Vietnamese companies must demonstrate flexibility, adaptability and innovation to recover sustainably. Photo: VNA/CVN

A strong economic rebound

The international press has published numerous articles praising Vietnam’s strong economic rebound in the first six months of the year. The newspaper Nikkei Asia insisted on the prosperity of national exports, particularly in the textile-clothing sector. His article said Vietnam’s textile exports are expected to hit a record high of 22 billion USD in the first half of the year, up 23 percent year on year.

“Vietnam’s economy in the second quarter saw its strongest growth in 11 years”, is the title of an article in Channel News Asia. He quotes the World Bank for which the Vietnamese economy has recovered strongly despite the uncertainties caused by the conflict in Ukraine, the confinement in China as well as inflation.

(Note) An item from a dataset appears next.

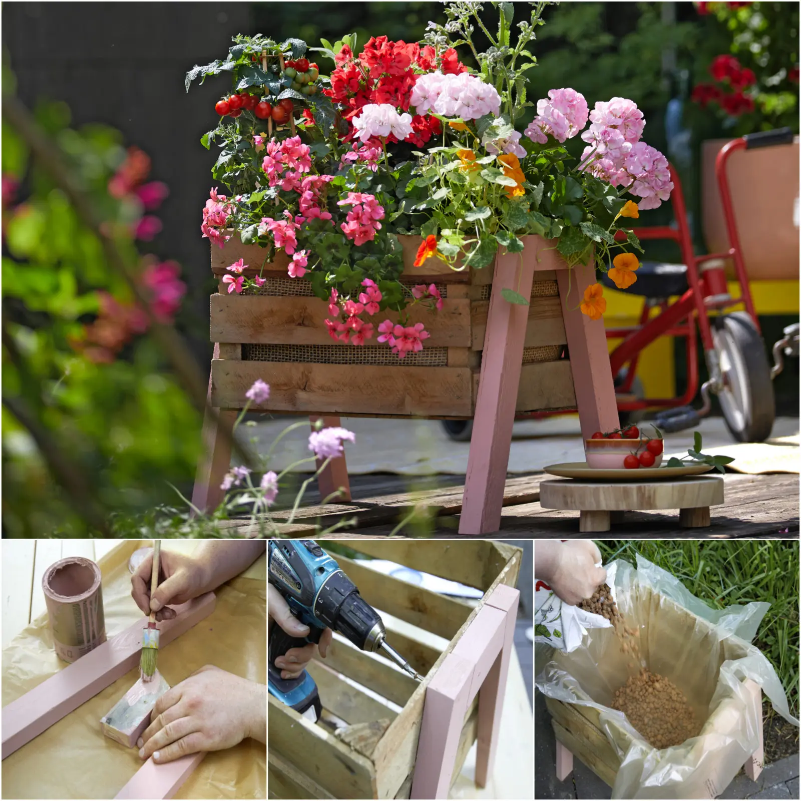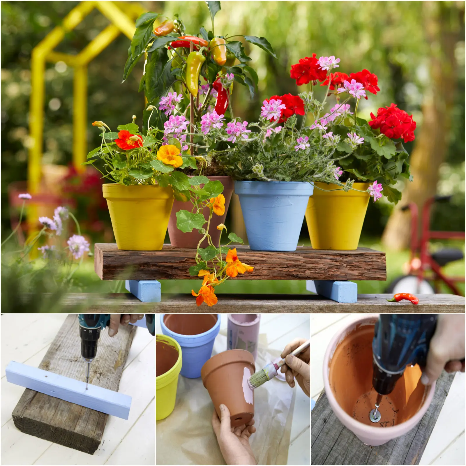 Kolorowy zestaw donic z pelargoniami pachnącymi i rabatowymi, nasturcjami oraz papryczkami ustawiony na drewnianym stojaku nie tylko pięknie wygląda i wspaniale pachnie, ale też dostarcza świeżych składników do kuchni i mnóstwa pożywienia dla owadów. Ten pomysł DIY można zrealizować w zaledwie kilku krokach.

Dorsa Ti Madani, the World Bank’s chief economist in Vietnam, remarked: “The growth of the country is very impressive. It is the consequence of two main factors, namely exports and a strong recovery in domestic consumption after the complete lifting of anti-COVID-19 restrictions”.

“Vietnam’s performance so far is much better than other countries in the region. The domestic manufacturing sector is relatively stable. The government has adopted a good policy by reducing certain taxes, in particular the environmental tax on fuel to control inflation”, analyzed Alain Cany, president of the European Chamber of Commerce in Vietnam (EuroCham). The results obtained will lay a solid foundation for the national economy to continue to grow in the 2e semester and next year.